[[ Records shown open ]]

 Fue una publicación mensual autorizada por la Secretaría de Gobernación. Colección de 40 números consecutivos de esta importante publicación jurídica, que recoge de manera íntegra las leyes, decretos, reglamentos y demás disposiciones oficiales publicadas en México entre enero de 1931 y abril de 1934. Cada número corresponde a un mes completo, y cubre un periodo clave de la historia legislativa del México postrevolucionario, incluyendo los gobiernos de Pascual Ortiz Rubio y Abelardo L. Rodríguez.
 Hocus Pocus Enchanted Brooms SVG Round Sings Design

[[ Records shown closed ]]
[[ Records shown open ]]

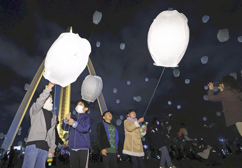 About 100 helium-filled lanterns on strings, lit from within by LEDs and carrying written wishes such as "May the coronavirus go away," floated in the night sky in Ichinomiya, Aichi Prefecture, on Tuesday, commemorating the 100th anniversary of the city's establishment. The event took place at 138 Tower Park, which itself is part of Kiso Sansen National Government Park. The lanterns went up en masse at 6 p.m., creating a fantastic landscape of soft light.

[[ Records shown closed ]]

As listed above, the lines from the line with "Fue una publicación" to the line with "Hocus Pocus Enchanted" are to be echoed exactly, with both ends included and nothing added.

 Fue una publicación mensual autorizada por la Secretaría de Gobernación. Colección de 40 números consecutivos de esta importante publicación jurídica, que recoge de manera íntegra las leyes, decretos, reglamentos y demás disposiciones oficiales publicadas en México entre enero de 1931 y abril de 1934. Cada número corresponde a un mes completo, y cubre un periodo clave de la historia legislativa del México postrevolucionario, incluyendo los gobiernos de Pascual Ortiz Rubio y Abelardo L. Rodríguez.
 Hocus Pocus Enchanted Brooms SVG Round Sings Design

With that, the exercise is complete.